Eppure, abbiamo creato una società che o si rifiuta di prendere in considerazione questi aspetti, oppure viene presentata come “impresentabile”. E ci troviamo con politici che continuano a ciarlare di amenità invece di affrontare le questioni reali. E con cittadini che fraintendono il senso stesso della parola politica, che viene da “polis”, e hanno rinunciato ad ogni tipo di sacrosanta pretesa.
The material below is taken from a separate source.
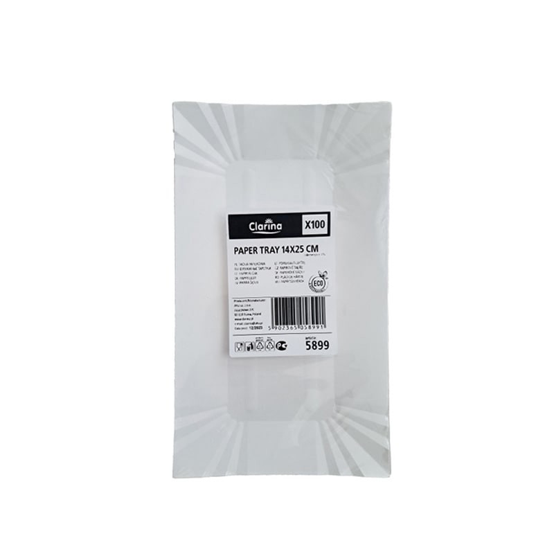 Vai meklējat interesantāku risinājumu par standarta apaļajiem šķīvjiem? CLARINA taisnstūra papīra šķīvji piešķirs jūsu galdam modernumu un ir neticami praktiski. Pateicoties to iegarenajai 14×25 cm formai, tie ir lieliski piemēroti ēdienu pasniegšanai, kas neietilpst parastajos šķīvjos – no ceptas zivs līdz hotdogiem vai garām sviestmaizēm.

Nella splendida definizione della Treccani, consultabile anche online, si può leggere: “L’etimo della parola, e la sua stessa struttura, racchiudono il significato della politica e mostrano il segno dell’ambito cui essa specificamente afferisce: la sfera pubblica e comune. Politica deriva dall’aggettivo greco πολιτικός, politico, a sua volta derivato da πόλις, città. Era il termine in uso per designare ciò che appartiene alla dimensione della vita comune, dunque allo Stato (πόλις) e al cittadino (πολίτης). Centro e insieme oggetto della polis è la πόλις (città), la vita nella città e della città; τά πολιτικά è l’espressione che indica, in generale, le questioni politiche... La città è il luogo dei molti (οἵ πολλοί), è anche il luogo che fa di tali molti un insieme, una comunità (κοινωνία). Non stupisce allora che la parola πολιτικός (politico) e la parola πόλις (città) condividano la medesima radice πολ- della parola che dice ‘i molti’ (οἵ πολλοί)”.
L’essere umano, in quanto animale sociale, può prescindere dalla sua dimensione comunitaria. La regolazione della stessa influenza il benessere del singolo e della comunità nel proprio insieme. Si possono avere opinioni discordanti su come regolamentare, ma non si dovrebbero avere differenti obiettivi.
Servirebbe solamente uno scambio costruttivo serio. Servirebbero partiti, e quindi persone, in grado di dialogare, seppur in disaccordo, perché mosse da un intento comune: il benessere dell’intera società. La stessa definizione dell’Oms stabilisce che: “Nel problema della salute entrano in causa non soltanto l’omeostasi fisica ma anche componenti psicologiche e sociali. In questo modo l’individuo viene considerato nelle sue tre dimensioni: biologica, mentale e sociale”. La politica (i vincitori e gli oppositori, tutti) dovrebbe ritrovare se stessa e tornare alla sua missione occupandosi esattamente di questo, oltre il populismo, oltre la faciloneria, altrimenti continuerà a rimanere totalmente comprensibile la sfiducia nei media e lo scollamento del Paese reale da quello raccontato. E forse proprio questa constatazione dovrebbe spingerci tutti a tentare un nuovo approccio: scomodo, dissidente, non ideologico, scientifico (il metodo vero che si basa sul dubbio e sull’autocritica).
Basta con la finta inclusione fatta di parole ridicole e prive di senso, basta con lotte intestine senza fondamenta come se l’“avversario” politico fosse il nemico da abbattere. Basta con i siparietti di propaganda, da una parte come dall’altra.
Le elezioni americane sono state solo l’ultimo esempio per confermare che le chiacchiere stanno a zero. Perché nessun essere umano è superiore ad un altro e perché nessuno può considerare inferiori le esigenze e le istanze di un’altra persona.
Vuol dire forse questo, alla fine, essere liberale?